Changes to Delisting Law
- Going forward, disputes over the amount of consideration in the event of a delisting will be subject to arbitration proceedings.
- Downlistings from the regulated market to an SME growth market (which is subject to special regulatory requirements) will be exempt from the delisting rules as SME growth markets have a level of regulation that is already very similar to that of regulated markets. However, delistings from the SME growth market will be included in the scope of protection of the delisting regulation.
- A delisting application without a purchase offer will be permissible if insolvency proceedings have been opened against the issuer’s assets. A settlement offer is not required in this situation as otherwise shareholders would be given preferential treatment over debt creditors.
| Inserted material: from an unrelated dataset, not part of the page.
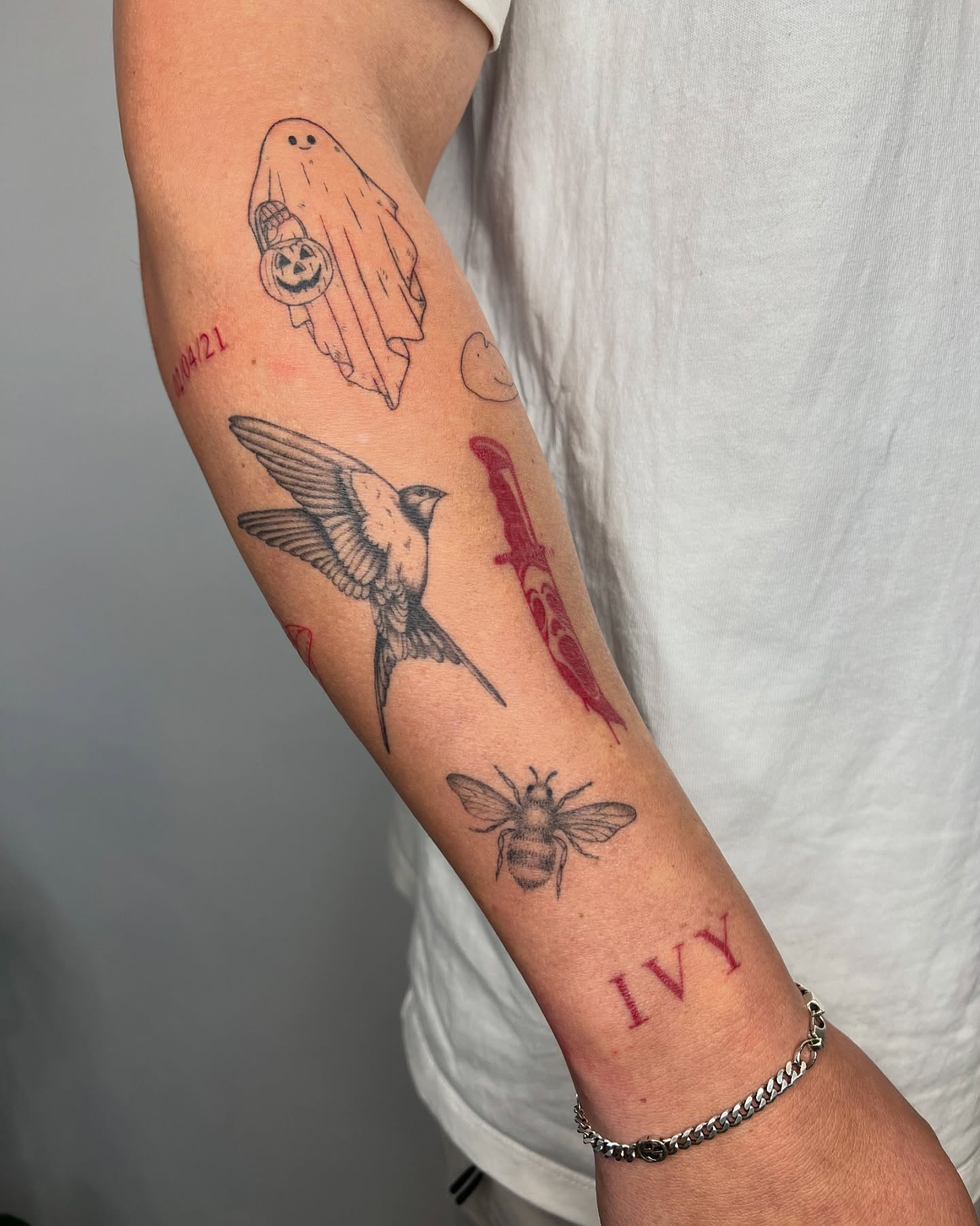 This tattoo showcases a delightful mix of images, each telling a unique story. The playful ghost and the graceful bird stand out, creating a vibrant display on the arm. When considering a patchwork tattoo, think about how each piece can represent different moments or feelings in your life, making your skin a canvas of memories.

In addition, a delisting facilitates the restructuring of the company as the costs associated with a listing can be reduced.
- The decision of the stock exchange’s management on the issuer’s delisting application will be changed to a binding decision.
- The exceptions wherein the six-month average price can no longer be considered “appropriate consideration” in a delisting offer, meaning that a company valuation is required instead, have been reworded as examples of the rule (“in particular”).
Other Amendments
- Cent Stocks: As a further measure to facilitate access to the capital markets, particularly for growth companies, companies will be given the option of issuing shares with a minimum par value of 1 cent per share or, in the case of no-par value shares, the amount of share capital attributable to each share may be “one euro cent” (cent stocks).
- Adjustments Due to Multiple Voting Shares: Due to the newly introduced possibility for issuers to issue multiple voting shares, various changes are necessary, including with respect to stock exchange admission law and supervisory law and market surveillance law.
- Changes to the Free Float Requirement for Shares: In the future, at least 10% of the total nominal value, or in the case of no-par value shares the number of shares to be admitted to trading, must have been acquired by the public. If shares of the same class are already admitted to trading, the minimum free float requirement applies to all issued shares. Exceptions are also regulated.
Following the cabinet decision, the Federal Council (Bundesrat) will shortly give its opinion on the draft bill; it remains to be seen what further changes the Federal Parliament (Bundestag) will make.